The Light the Way programme, through a tech platform built and powered by Sano Genetics, will provide no-cost genetic testing, educational resources and tailored support developed by scientific experts and genetic counsellors to help individuals at risk of genetic MND understand their unique genetic profile.

Those registered for the initiative will be connected to a genetic counsellor to help them discuss whether testing is right for them. Participants will then receive a non-invasive, saliva-based DNA test kit to use at home.

During and after the testing process, Light the Way programme participants will continue to receive genetic counselling alongside support from peer networks. Participants will also be provided with updates on appropriate research opportunities as they arise.

Participants will also be invited to periodically self-report on their wellbeing over nine months in an observational research study. This data will be used to understand the psychological impact of learning about the risk of genetic MND in order to inform policy and practice.

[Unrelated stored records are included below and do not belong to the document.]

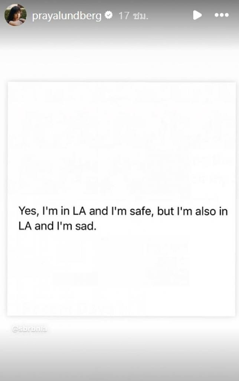 ล่าสุดทางด้าน ปู ไปรยา ได้เคลื่อนไหวอัปเดตสถานการณ์ผ่านทางสตอรี่อินสตาแกรม prayalundberg เผยว่า Yes, I'm in LA and I'm safe, but I'm also in LA and I am sad' ยืนยันว่าปลอดภัย แต่เศร้ากับเหตุการณ์ครั้งนี้อย่างมาก ท่ามกลางแฟนๆ แห่ส่งกำลังใจให้ล้นหลาม ขอให้ทุกคนที่ได้รับผลกระทบผ่านพ้นวิกฤตนี้ไปได้อย่างปลอดภัยค่ะ
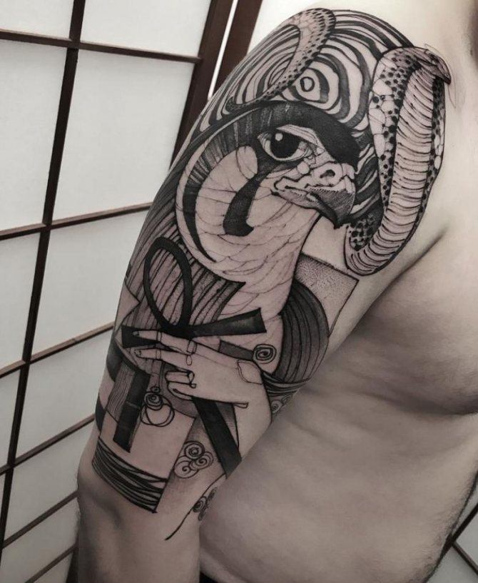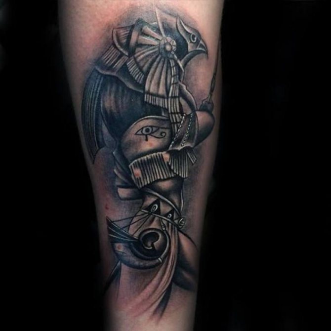 Les Égyptiens croyaient que ce dieu particulier était celui qui gouverne les luminaires célestes, transformant le jour en nuit et la nuit en jour. Habituellement, les tatouages avec une telle image corporelle sont réalisés sur des personnes qui s'intéressent à la mythologie et à l'histoire, et qui croient au patronage de puissances supérieures.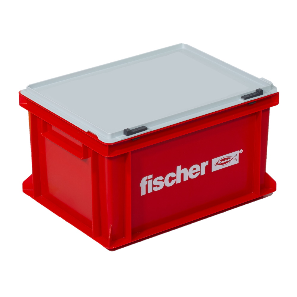 1× fischer Transportbox (400 × 300 × 237 mm, stapelbar & verriegelbar)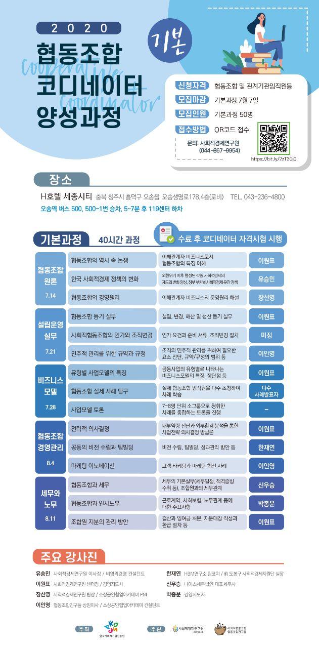 [교육] 협동조합 맞춤형 전문가(코디네이터) 양성과정(기본과정, 심화과정) 수강생 모집 공고문 (한국사회적기업진흥원)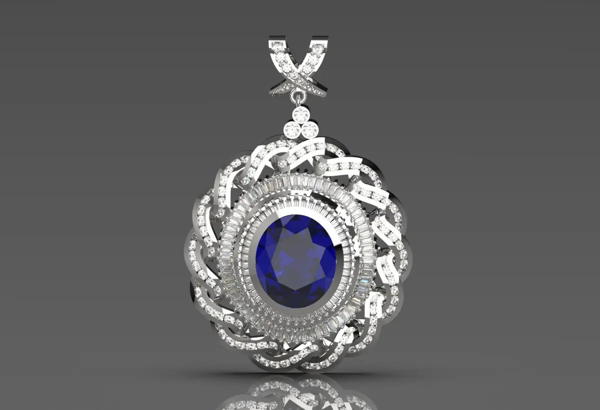 This image depicts a beautiful pendant that features a striking oval-shaped gemstone at its center. The gemstone is surrounded by a carefully crafted frame adorned with intricate details and small sparkling diamond stones that enhance its beauty. The outer design features a delicate swirl pattern that gives the piece a vintage yet timeless look. At the top of the main pendant, a bow for the chain to pass through connects it to the pendant, which is highlighted with smaller diamond gemstones that add extra sparkle. This pendant is a great statement piece, ideal for special occasions or to elevate everyday outfits with a touch of luxury.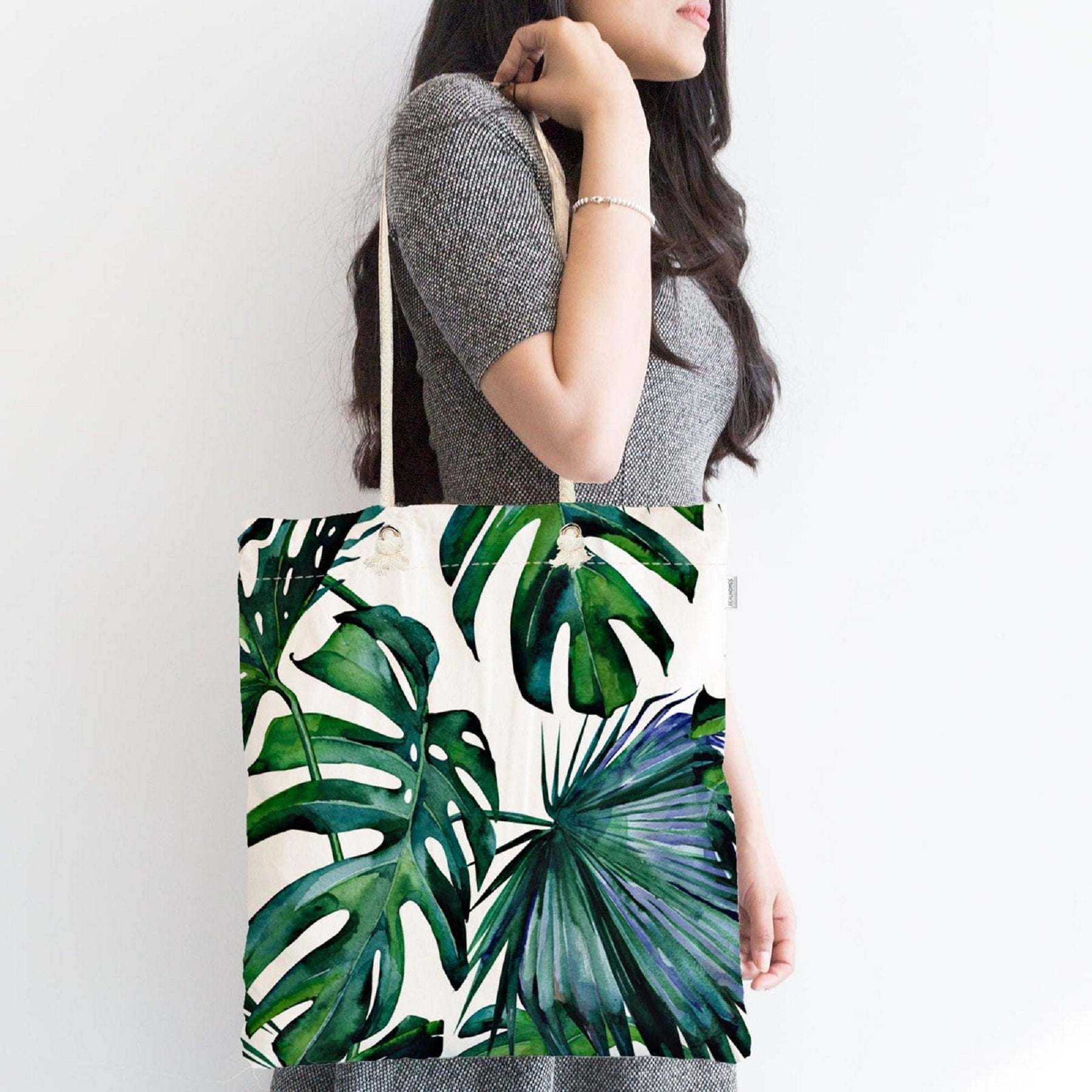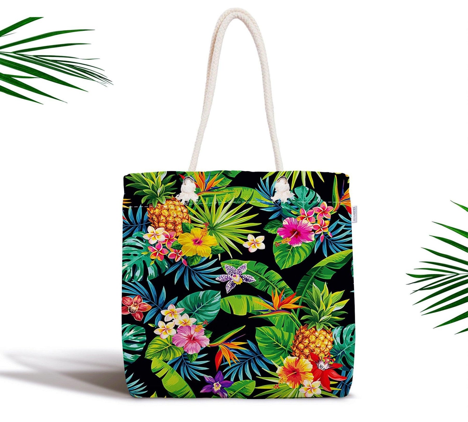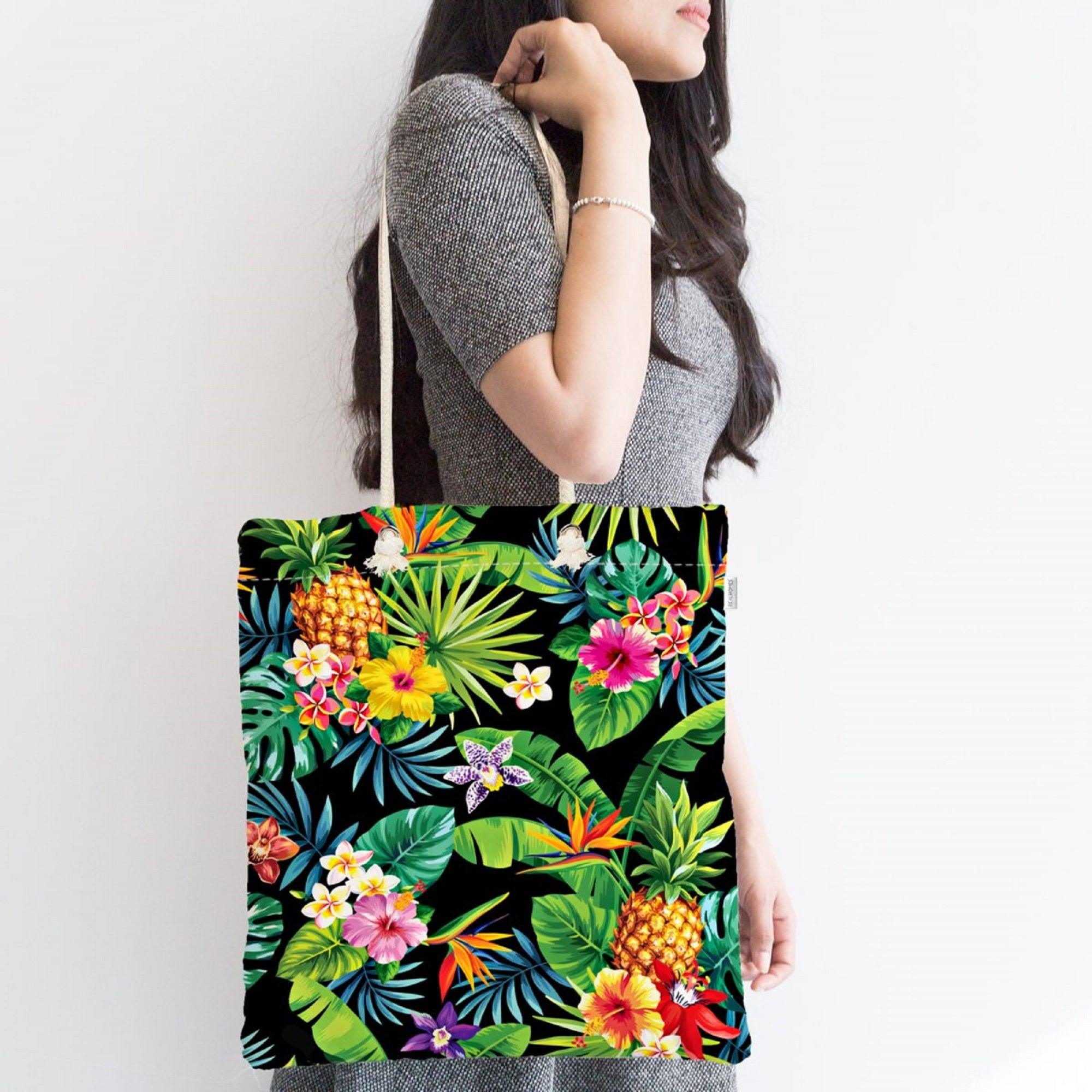 This elegant modern design digital printed summer trend fabric tote/messenger bag with colorful flowers and green plants;
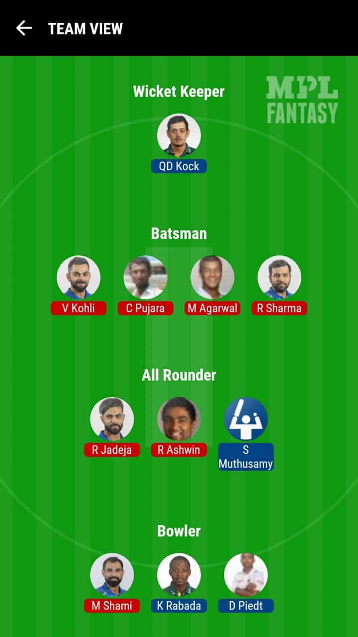 Rohit Sharma, Mayank Agarwal, Cheteshwar Pujara, Virat Kohli, Ajinkya Rahane, Umesh Yadav, Wriddhiman Saha, Ravichandran Ashwin, Ravindra Jadeja, Mohammed Shami, Ishant Sharma/Kuldeep Yadav

The Light the Way programme leverages Sano Genetics’ technology to help at-risk communities better understand the condition and access treatment, support and clinical trials for MND which could help prolong a healthy life and drive research towards new treatment options.

In turn, Light the Way will also bring together genetic experts, healthcare professionals and patient groups to accelerate the understanding and development of new treatments for genetically-mediated MND.

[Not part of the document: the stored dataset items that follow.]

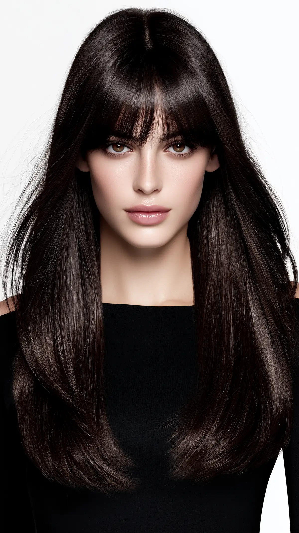 Prompt: Ultra-realistic full-body studio fashion photo of a woman with an elegant look inspired by Anne Hathaway, refined symmetrical facial features, expressive brown eyes, defined cheekbones, dark thick eyebrows, soft full lips, light warm skin tone, long dark brown loose hair falling to the shoulder blades, soft straight bangs framing the forehead, sleek healthy glossy hair texture, slim tall feminine figure, graceful posture, natural luxurious beauty, minimal expensive-looking makeup, standing pose, full length, head to toe visible, centered composition, isolated on pure white background, clean studio lighting, soft even shadows under feet, realistic proportions, photorealistic skin texture, premium fashion campaign aesthetic, highly detailed, sharp focus --ar 9:16 --profile dlnii1r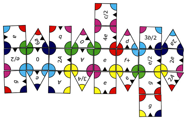 CISRA Puzzle Competition 2011 - Solutions2A. Squares and TrianglesThe puzzle presents 18 squares and 8 triangles; each piece has brightly coloured corners, a few characters written on it, and in most cases a small black triangle on one edge. The characters seem (in most cases) to be a letter from "a" to "g" (or "A"), in many cases multiplied by some fraction. There are some exceptions: "f+", "0", "3/4". The fact that only letters in that range are used suggests a possible connection to musical notes, and the multipliers used could well indicate note lengths. Viewed in this light, the exceptions also make sense: "f+" could indicate f-sharp, "0" a rest, and the letterless "3/4" might be a time signature. "A" might represent a note an octave higher than "a". Of course, this is all well as a theory, but without a way to order the notes the chance to find a solution is limited. So we must find some way to arrange the squares and triangles. The coloured corners are provocative. It seems natural to try and match them - to place two pieces adjoining along an edge so that on each corner, the colours from each piece are the same. A little experimentation shows that every edge has a match in this way, although some edges do have more than one candidate. Experimentation shows that not all of the pieces can be matched up - if you stick to two dimensions. This may lead to the realisation that every edge can actually be matched up simultaneously, provided we move to the third dimension. A bit of work with scissors and tape can enable the construction of a (small) rhombicuboctahedron out of the pieces, in such a way that every vertex is coloured with a single colour. Here is the net of the resulting solid, laid out flat: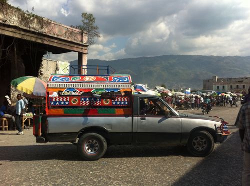L’une des première choses qu’on remarque en Haïti, ce sont les tap-taps, taxis collectifs barriolés souvent porteurs de messages divins. On les a baptisés ainsi parce que pour en descendre, les passagers doivent taper sur le côté du véhicule. Peints à la main, ils sont de véritables oeuvres d’art ambulantes.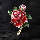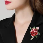Women Elegant Luxury Red Roses Rhinestone Brooches Pins Exquisite Noble Jewelry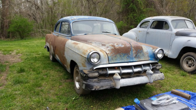 This 1954 Chevy is the perfect starter project for father and son or daughter!!! The body work has been started on it and was taken down to bare metal by previous owner.This Chevy is already setup and ready to be a easy street rod project as it comes with a set of Speedway SBC (283/327/350/383/400) engine mounts and a tubular TH350 transmission crossmember already installed. Has a Walden Fabrication 4" rear lowering kit installed with 2" Drop leaf springs. (rear is secured on perches and U bolts, Pinion angle still needs to be set.A 10 Bolt 8.5" rear spins the rear tires and is suppose to be newly rebuilt and 3.55sI have everything for the car. All origional Stainless, Garnish mouldings, Stock gauges and trim come with vehicle. It also comes with BRAND NEW IN BOX stainless trim, nbsp;NEW RE-CHROMED FRONT GRILLENEW IN BOX RE-CHROMED FRONT AND REAR BUMPERSNEW IN BOX HALOGEN REPLACEMENT HEADLIGHTSNEW IN BOX CHROME HOT ROD STYLE TRI-BAR HEADLIGHTS WITH HALOGEN BULBSNEW IN BOX RECHROMED BLUE DOT CUSTOM 1954 TAIL LIGHTSNEW IN BOX STAINLESS BELT MOULDINGS NEW IN BOX DOLPHIN / SHARK DIGITAL GPS SPEEDOMETER AND GAUGE CLUSTER ASSEMBLYNEW IN BOX GAS TANK, FILLER NECK, AND CAPNEW SENDING UNIT, GAS TANK STRAPSNEW BE-COOL DOUBLE ROW ALUMINUM RACING RADIATOR FOR 1953/1954 CHEVYBE COOL RADIATOR FEATURES BUILT IN TRANSMISSION COOLERNEW CCP POWER DISC BRAKE PEDAL SETUP WITH PROPORTIONING VALVENEW IN BOX RE CHROMED DOOR HANDLES*VEHICLE FEATURES AN IMMACULATE HEADLINER, ALL BOWS INTACT. REAR UPHULSTRY IN EXECELENT SHAPE ALONG WITH REAR BENCH SEAT.SOLID HOODSOLID TRUNK LIDSOLID TRUNK FLOORSOLID REAR FLOORSOLID PASSENGER SIDE FLOORHeel / Floor mounted master cylinder cover area requires a 5x7" patch or replace with new Drivers Side floor board, which can be purchased here on Ebay.CAR NEEDS OUTER ROCKERS AS IMPROPERLY PATCHECHED BUT DECENT RAT ROD DRIVER QUAILTYINNER ROCKER ON PASSENGER SIDE ALL GLASS IS IN DECENT SHAPEALL WINDOW REGULATORS FUNCTIONNO DOOR SAGTHIS IS AN EASY PROJECT FOR A BEGINNER TO A EXPERT CAR ENTHIUAST......Vehicle simply requires a little time and your choice of power train, and a 12 Circuit EZ-WIRE harness and you'll be heading to the car shows in no time!!!!OVER $2, 00 in NEW parts alone!!!Feel Free to Contact me with any questions!!!**NOT GM Rally Wheels on front of car in pictures do not come with vehicle but can be purchased seperately** Chevy will come with 4 Stock 1954 Chevrolet Wheels and trim rings and Hub Caps.

The launch of Light the Way in the UK follows its rollout in the US earlier this year, including a Spanish-language version. Sano Genetics is actively seeking partners to continue to scale Light the Way’s global expansion.

Dr Paul Wicks, Vice President of Neuroscience and Scientific Advisor on Light the Way, Sano Genetics, comments: “MND is a fatal disease that demands urgent action. My work to combat the condition recently became more personal after a relative was diagnosed and I witnessed first-hand how challenging it was to secure the right information and support for our whole family throughout the process.

“Light the Way was born out of this frustration: helping individuals in the same situation to find research studies and trials and in turn, helping entire families manage their risk and the news of finding out they might carry a critical genetic variant.

“If people aren’t aware they have the variant, they can’t access emerging treatments. As more therapies are developed, the need to offer testing to these individuals is more important than ever.”

Charlotte Guzzo, Co-Founder and Chief Operating Officer, Sano Genetics, adds: “We are incredibly proud to be launching Light the Way as a pioneering source of information and support for individuals who carry genetic variants associated with MND as well as their families.

“By facilitating more widespread access to no-cost genetic testing, we also stand to accelerate the scientific research and understanding that goes into new treatments for genetically-mediated variations of the condition, increasing the options and support available to patients.”